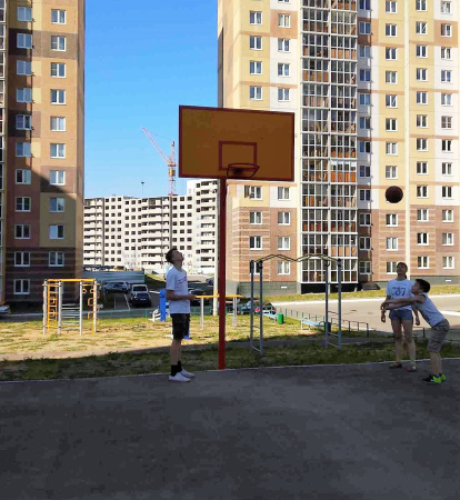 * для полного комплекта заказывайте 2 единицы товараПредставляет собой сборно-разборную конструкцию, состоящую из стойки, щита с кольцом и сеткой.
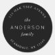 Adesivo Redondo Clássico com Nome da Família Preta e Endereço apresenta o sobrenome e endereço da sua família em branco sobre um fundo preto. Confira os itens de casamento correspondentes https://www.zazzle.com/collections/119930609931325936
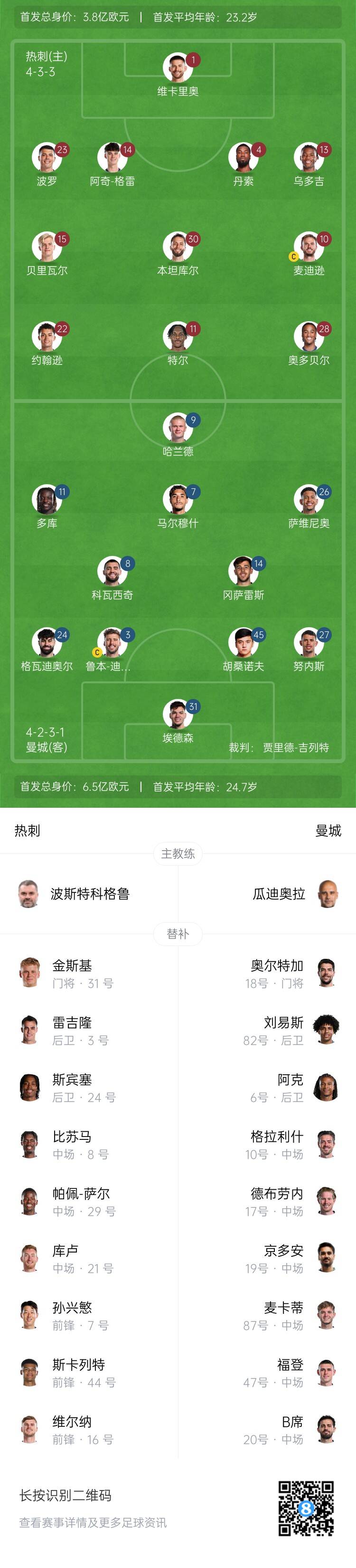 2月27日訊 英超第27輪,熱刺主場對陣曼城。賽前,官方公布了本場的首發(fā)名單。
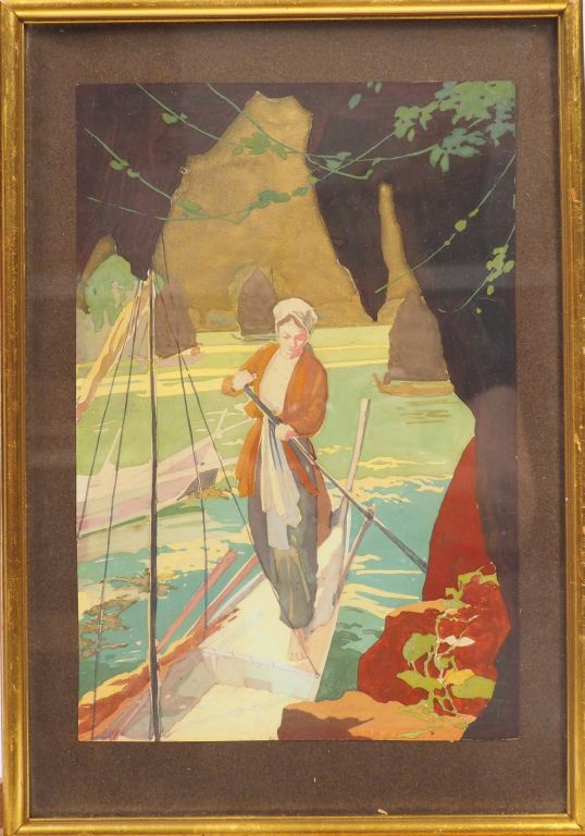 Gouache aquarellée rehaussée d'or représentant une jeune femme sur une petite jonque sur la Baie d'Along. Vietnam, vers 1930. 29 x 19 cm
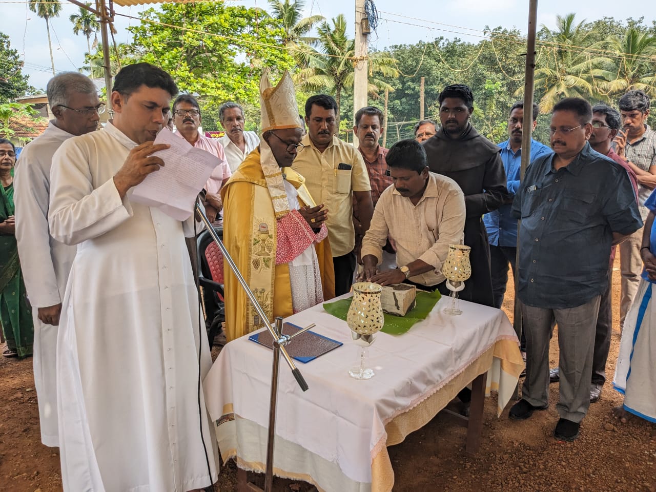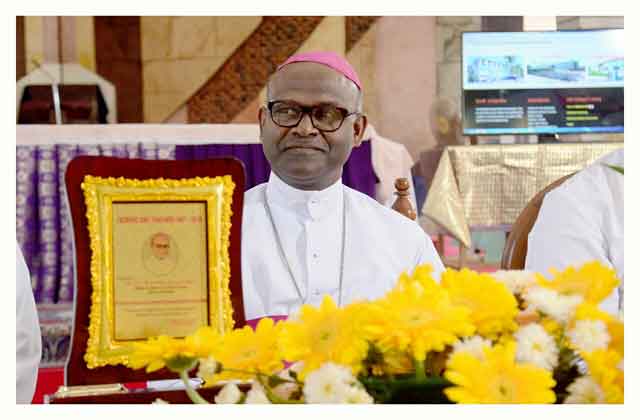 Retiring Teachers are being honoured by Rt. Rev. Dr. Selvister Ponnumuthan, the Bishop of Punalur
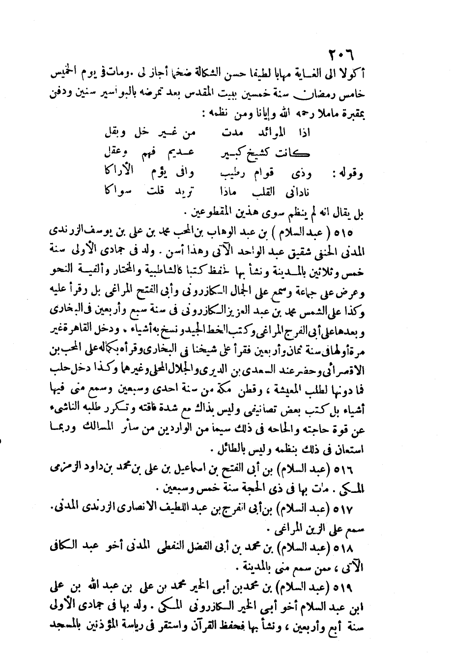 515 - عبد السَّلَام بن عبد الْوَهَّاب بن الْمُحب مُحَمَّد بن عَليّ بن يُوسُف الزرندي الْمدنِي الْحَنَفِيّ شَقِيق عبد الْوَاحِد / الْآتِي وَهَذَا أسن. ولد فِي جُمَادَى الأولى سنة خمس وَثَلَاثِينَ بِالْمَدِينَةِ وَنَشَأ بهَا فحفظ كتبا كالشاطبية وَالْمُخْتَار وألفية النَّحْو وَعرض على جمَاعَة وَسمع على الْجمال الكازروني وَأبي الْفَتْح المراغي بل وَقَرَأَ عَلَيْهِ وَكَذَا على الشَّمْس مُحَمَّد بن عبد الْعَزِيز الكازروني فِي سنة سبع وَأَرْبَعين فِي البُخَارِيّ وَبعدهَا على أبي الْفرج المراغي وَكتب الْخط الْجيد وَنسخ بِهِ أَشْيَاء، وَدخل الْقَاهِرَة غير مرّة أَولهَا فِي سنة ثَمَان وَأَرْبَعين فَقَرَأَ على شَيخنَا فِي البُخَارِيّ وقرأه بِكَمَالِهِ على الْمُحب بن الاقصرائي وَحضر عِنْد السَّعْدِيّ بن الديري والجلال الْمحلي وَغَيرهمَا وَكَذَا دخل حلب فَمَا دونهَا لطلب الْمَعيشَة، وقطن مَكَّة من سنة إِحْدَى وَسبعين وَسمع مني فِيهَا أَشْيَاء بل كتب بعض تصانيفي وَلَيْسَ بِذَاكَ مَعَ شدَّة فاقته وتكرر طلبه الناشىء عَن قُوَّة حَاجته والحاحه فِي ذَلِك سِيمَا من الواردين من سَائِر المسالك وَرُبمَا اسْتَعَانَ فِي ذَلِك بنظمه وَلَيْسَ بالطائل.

==*==

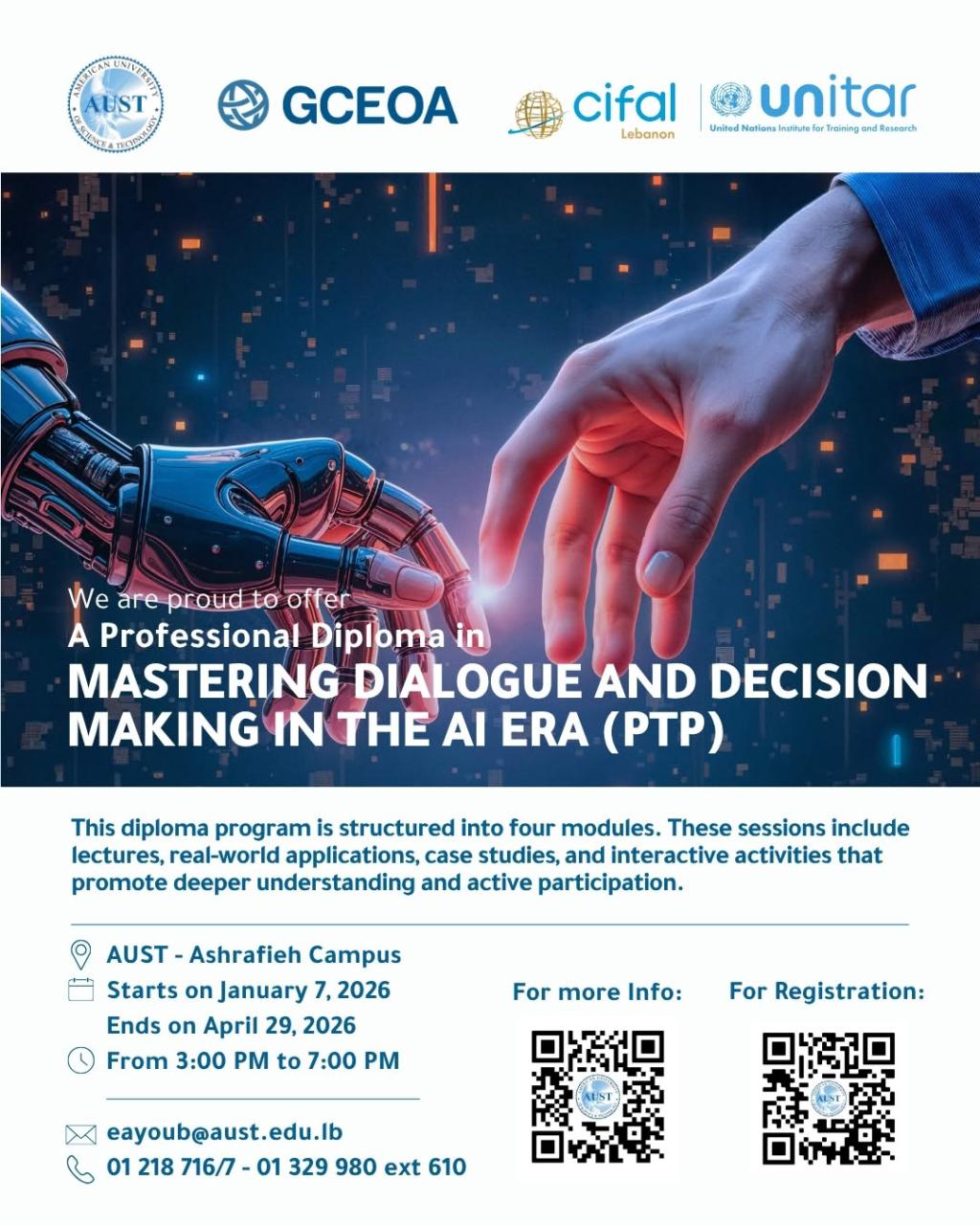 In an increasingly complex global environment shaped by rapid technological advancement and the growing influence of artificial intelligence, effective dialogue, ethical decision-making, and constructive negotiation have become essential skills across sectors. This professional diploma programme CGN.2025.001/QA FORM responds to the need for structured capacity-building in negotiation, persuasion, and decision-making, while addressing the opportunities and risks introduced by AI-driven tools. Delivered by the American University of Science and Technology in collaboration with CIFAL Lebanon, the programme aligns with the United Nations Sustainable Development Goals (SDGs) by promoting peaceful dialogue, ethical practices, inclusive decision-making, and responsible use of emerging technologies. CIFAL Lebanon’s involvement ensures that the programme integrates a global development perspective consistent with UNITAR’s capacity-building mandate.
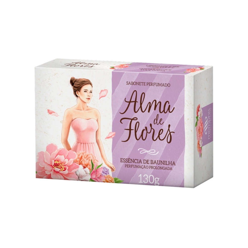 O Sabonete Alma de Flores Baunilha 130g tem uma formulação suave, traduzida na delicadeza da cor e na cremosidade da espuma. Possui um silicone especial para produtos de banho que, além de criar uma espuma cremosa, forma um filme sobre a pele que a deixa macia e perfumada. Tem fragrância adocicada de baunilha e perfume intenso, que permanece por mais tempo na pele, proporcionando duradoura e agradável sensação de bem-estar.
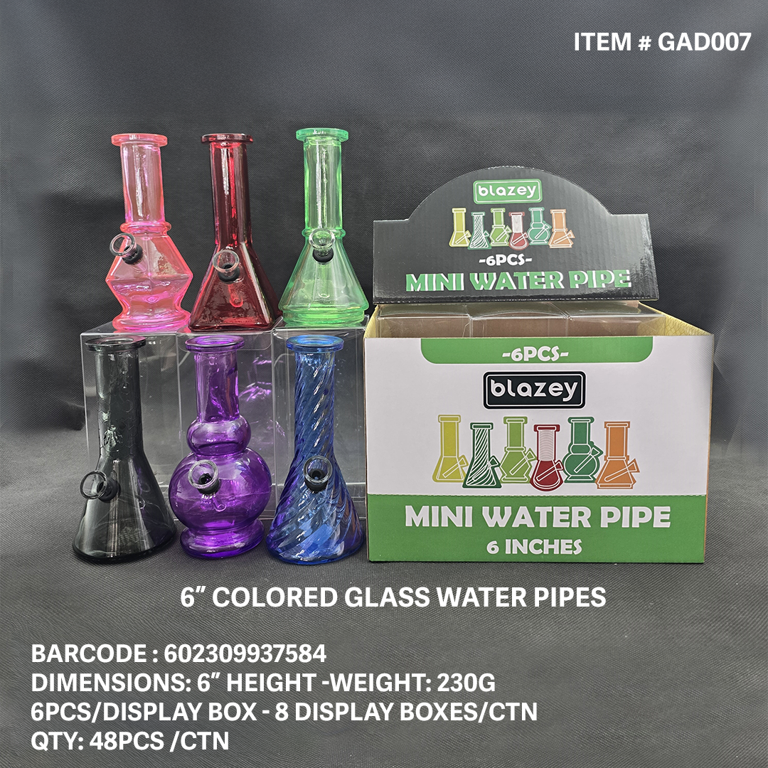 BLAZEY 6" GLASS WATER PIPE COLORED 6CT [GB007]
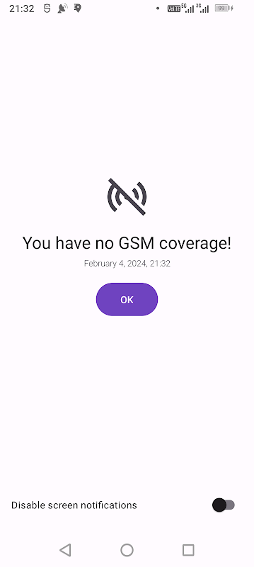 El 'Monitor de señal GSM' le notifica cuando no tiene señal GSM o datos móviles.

==*==

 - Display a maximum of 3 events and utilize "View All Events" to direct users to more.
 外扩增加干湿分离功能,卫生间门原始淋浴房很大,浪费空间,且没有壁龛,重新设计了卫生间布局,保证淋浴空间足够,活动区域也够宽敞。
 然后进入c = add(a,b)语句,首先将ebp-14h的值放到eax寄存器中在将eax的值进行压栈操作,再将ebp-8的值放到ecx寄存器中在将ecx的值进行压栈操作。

==*==

**Task requirements:**
Beginning at the line above that contains "O Sabonete Alma" and going on through the line that contains "El 'Monitor de", please copy every line exactly, leaving the pictures out and adding nothing.

**Exercise response:**
 O Sabonete Alma de Flores Baunilha 130g tem uma formulação suave, traduzida na delicadeza da cor e na cremosidade da espuma. Possui um silicone especial para produtos de banho que, além de criar uma espuma cremosa, forma um filme sobre a pele que a deixa macia e perfumada. Tem fragrância adocicada de baunilha e perfume intenso, que permanece por mais tempo na pele, proporcionando duradoura e agradável sensação de bem-estar.
 BLAZEY 6" GLASS WATER PIPE COLORED 6CT [GB007]
 El 'Monitor de señal GSM' le notifica cuando no tiene señal GSM o datos móviles.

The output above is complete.